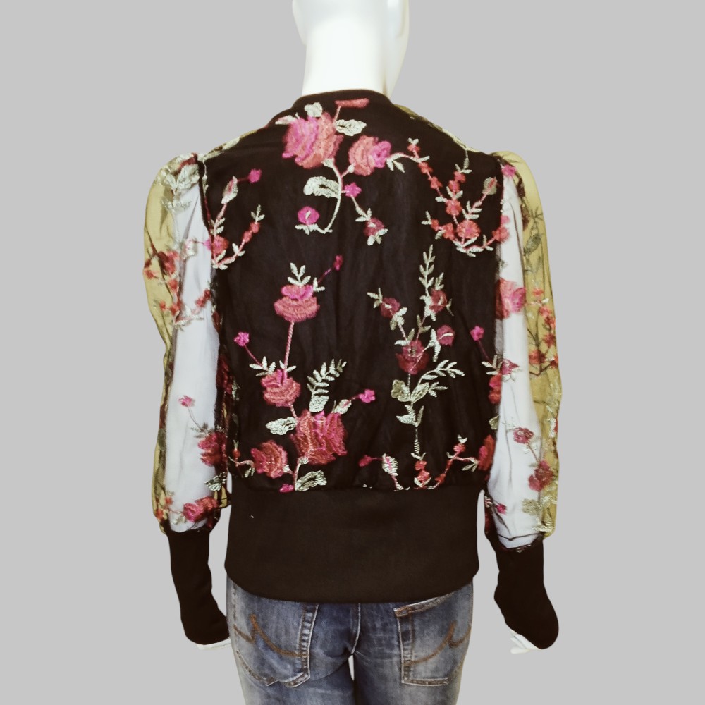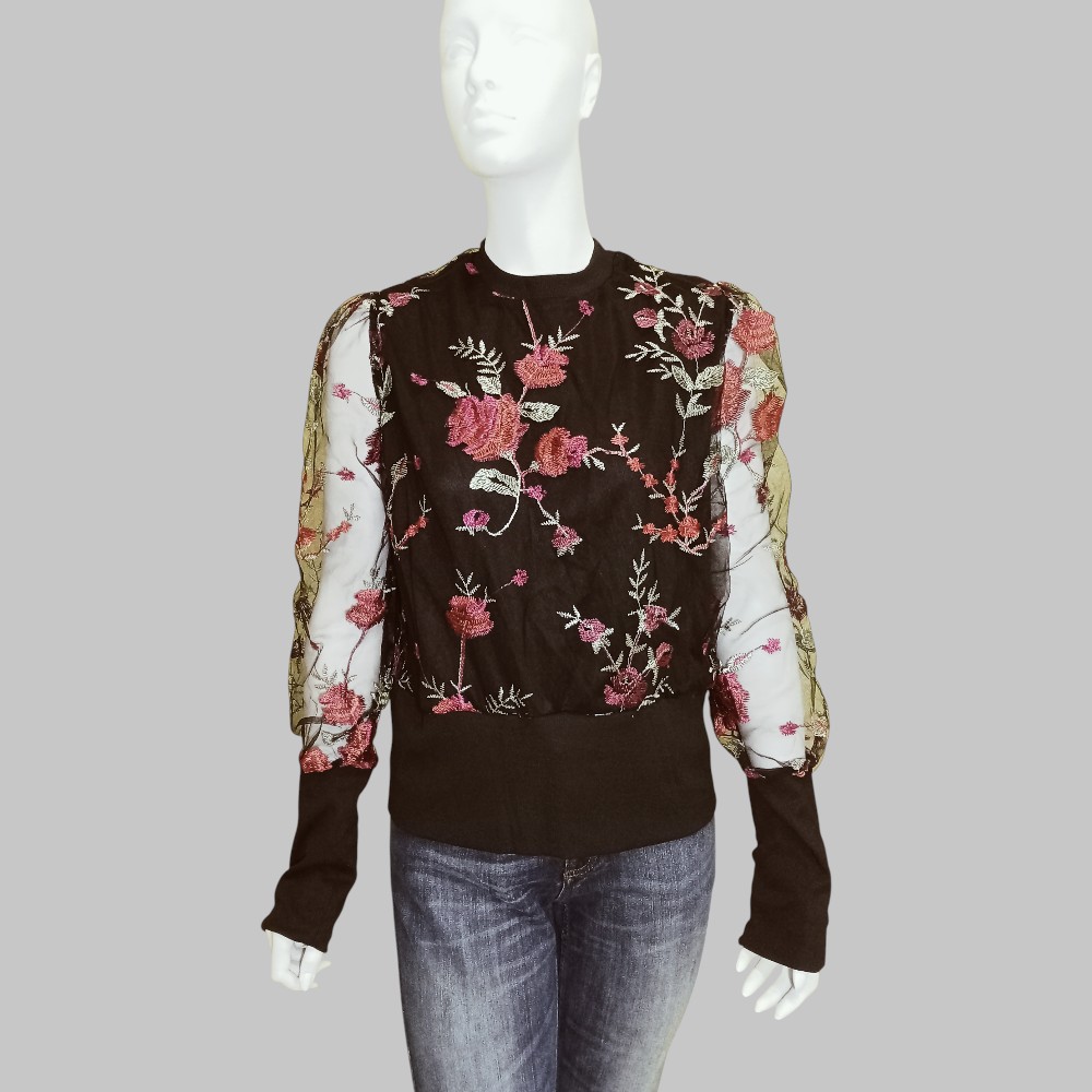 Maglia in tulle con ricami floreali. Collo tondo. Maniche a palloncino trasparenti con polsini alti
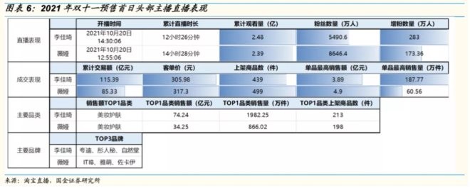 2021年雙11期間,根據(jù)淘寶主播銷售榜監(jiān)測數(shù)據(jù)顯示,「薇婭直播間」雙11預(yù)售啟動(dòng)夜(10月20日)累計(jì)交易額為85.33億元,累計(jì)觀看量2.39億,僅次于李佳琦。
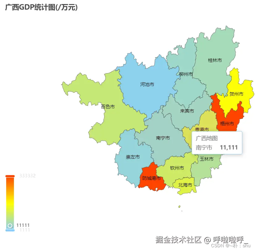 声明:文章来源:Vue 使用 Apache Echarts 绘制地图(省市、地区、自定义)echarts~朴:shu-GitCode 开源社区 (csdn.net)
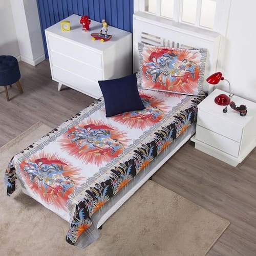 Colcha Cobre Leito Infantil Solteiro Menino Personagens + Capa de Almofada Cor: Liga dos heróis O quarto dos seus filhos vai ficar mais lindo e divertido com as colchas dos personagens do seu desenho animado favorito. Contém na embalagem: 1 cobre leito 2,20m x 1,45m 1 porta travesseiro 75cm x 60cm 1 capa de almofada 40cm x 40cm Tecido e composição: Cobre leito: oxford 100% poliéster Capa de almofada: malha gel 100% poliéster - O cobre leito e o porta travesseiro não são matelados - Foto ilustrativa, a tonalidade da cor pode variar um pouco no produto real Produtos fabricados em Ibitinga-SP, a Capital Nacional do Bordado e do Enxoval.
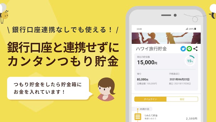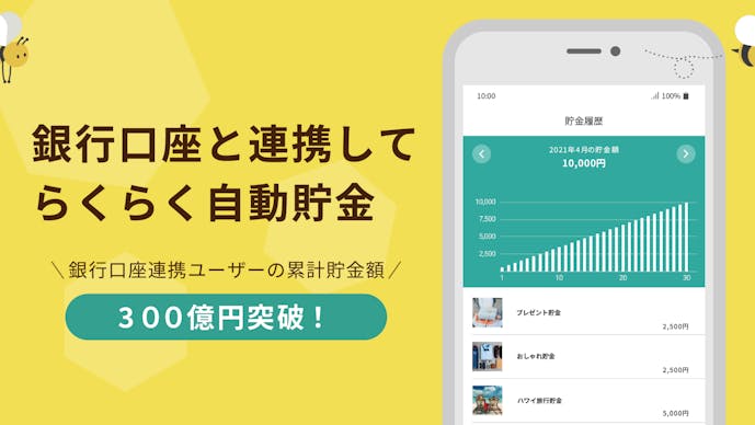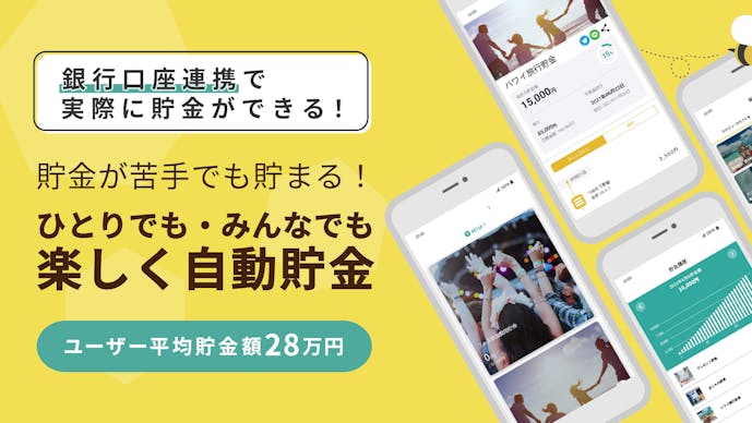 『finbee』は、目標額と期限を設定して自動で貯金を進められる貯金管理アプリ。
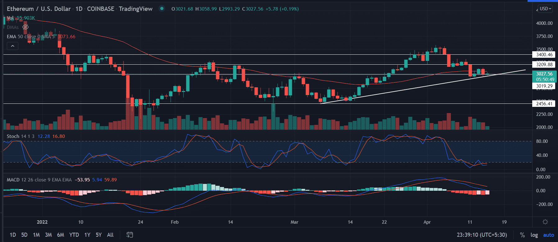 ETH price takes support near the bullish trend line
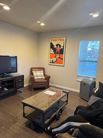 The lower-level lounge doubles as an entertainment and recreation space. Framed Tesla patent sketches line the wall behind a full-size foosball table, while a cushy sofa and patterned armchair form a comfortable sitting area facing a smart TV with Roku. Exposed beams and industrial lighting keep the atmosphere creative and relaxed, and a portable AC unit ensures year-round comfort. It’s the perfect space for family fun, rainy-day relaxation, or a late-night movie marathon.
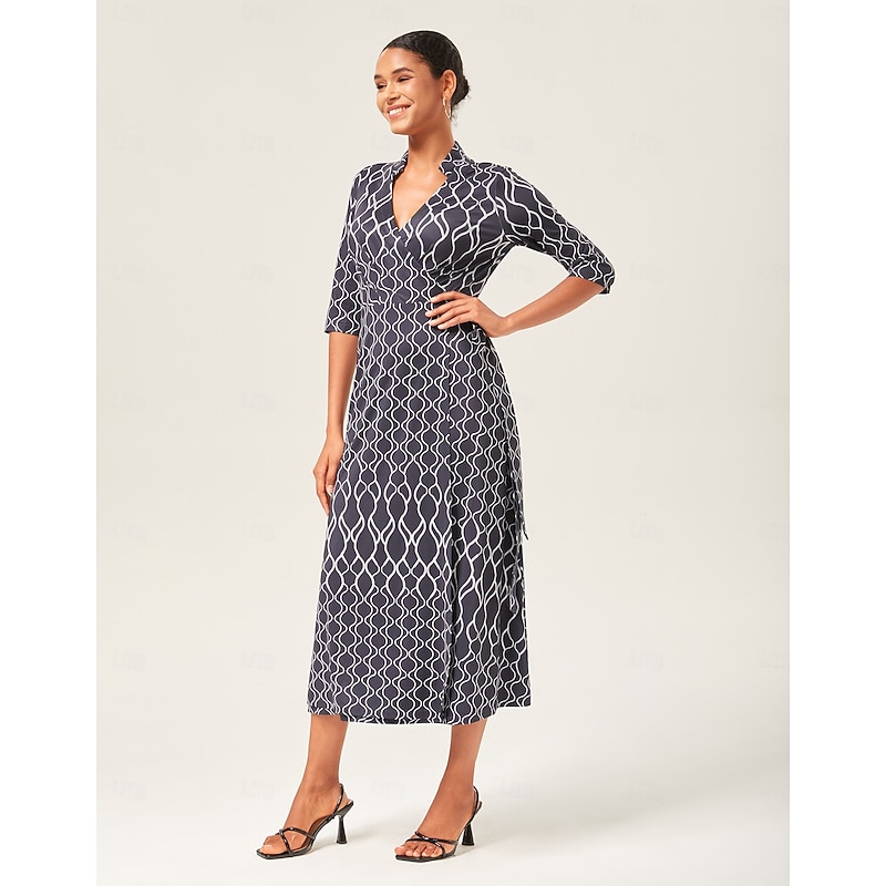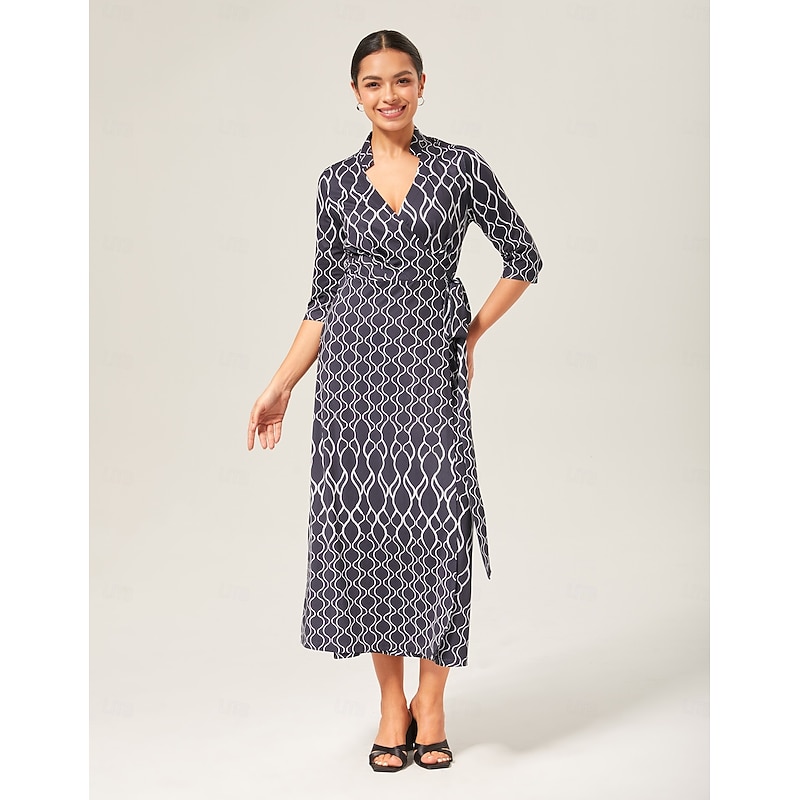 Geometric Print Stretch Wrap Dress 3
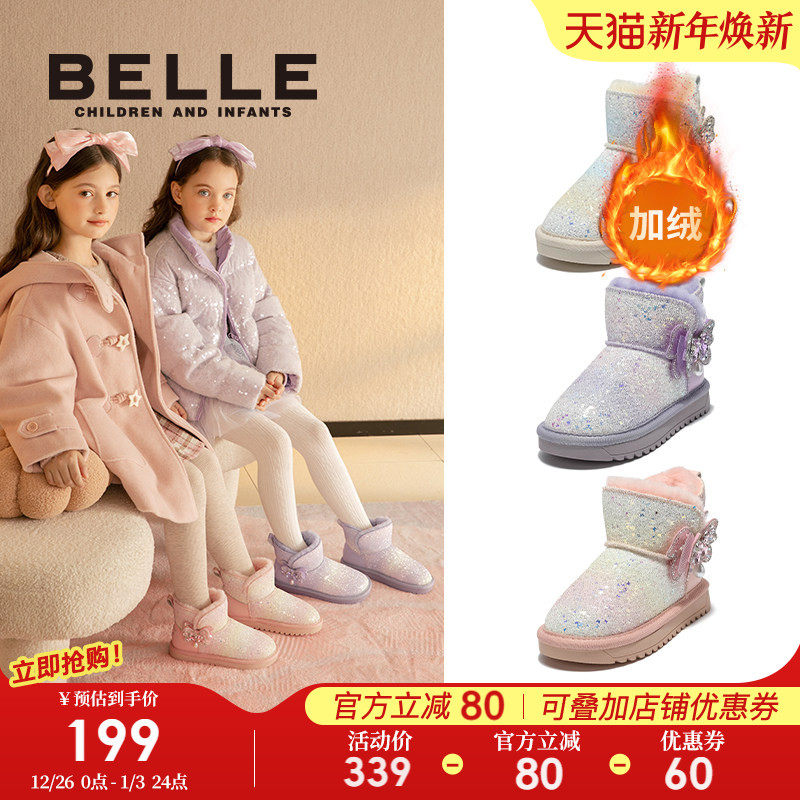 百丽童鞋女童雪地靴2025冬季新款加绒加厚靴子儿童棉鞋大童宝宝靴
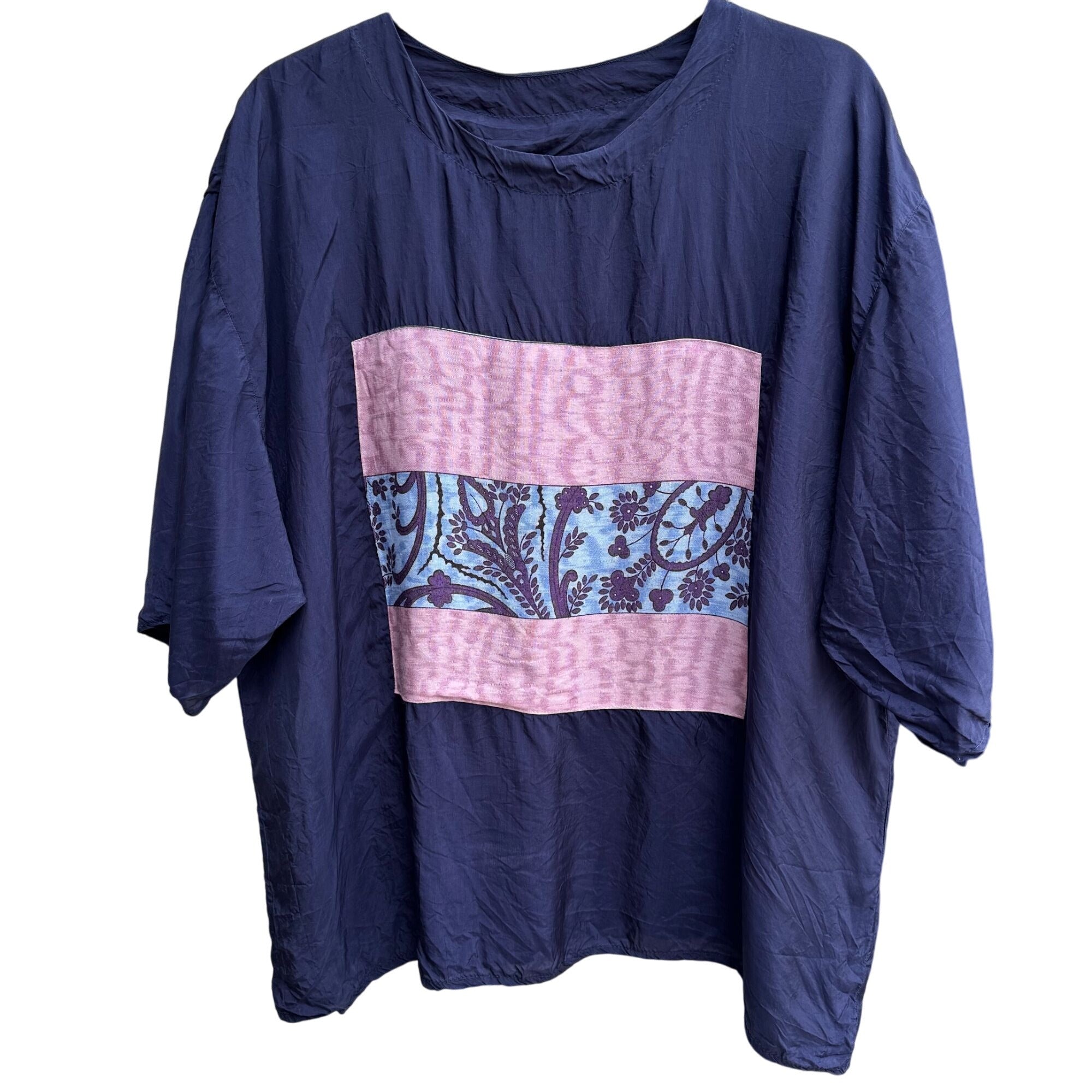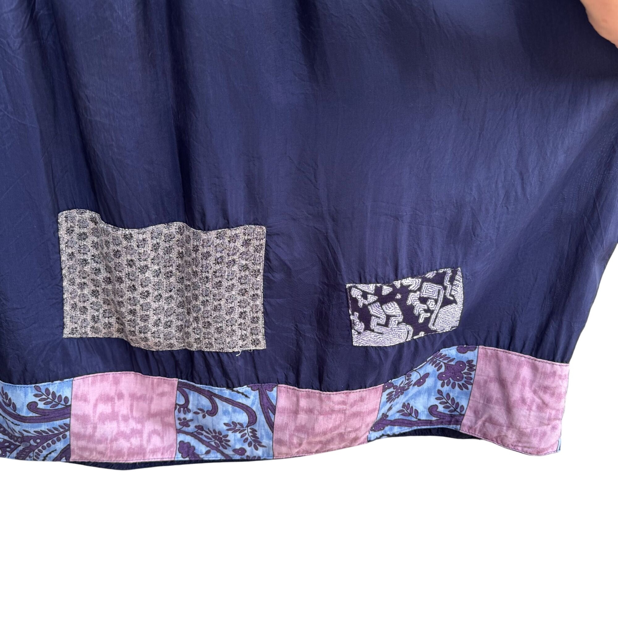 Fixsun Casual Vintage Silk Boho Festival Flowy Blouse Skirt Patchwork Set XL
------
— Work required —
When you reach the line that has "ETH price takes" in the data above, start repeating lines exactly, and stop after the line that has "百丽童鞋女童雪地靴2025冬季新款加绒加厚靴子儿童棉鞋大童宝宝靴"; pictures stay out.

— Output below —
 ETH price takes support near the bullish trend line
 The lower-level lounge doubles as an entertainment and recreation space. Framed Tesla patent sketches line the wall behind a full-size foosball table, while a cushy sofa and patterned armchair form a comfortable sitting area facing a smart TV with Roku. Exposed beams and industrial lighting keep the atmosphere creative and relaxed, and a portable AC unit ensures year-round comfort. It’s the perfect space for family fun, rainy-day relaxation, or a late-night movie marathon.
 Geometric Print Stretch Wrap Dress 3
 百丽童鞋女童雪地靴2025冬季新款加绒加厚靴子儿童棉鞋大童宝宝靴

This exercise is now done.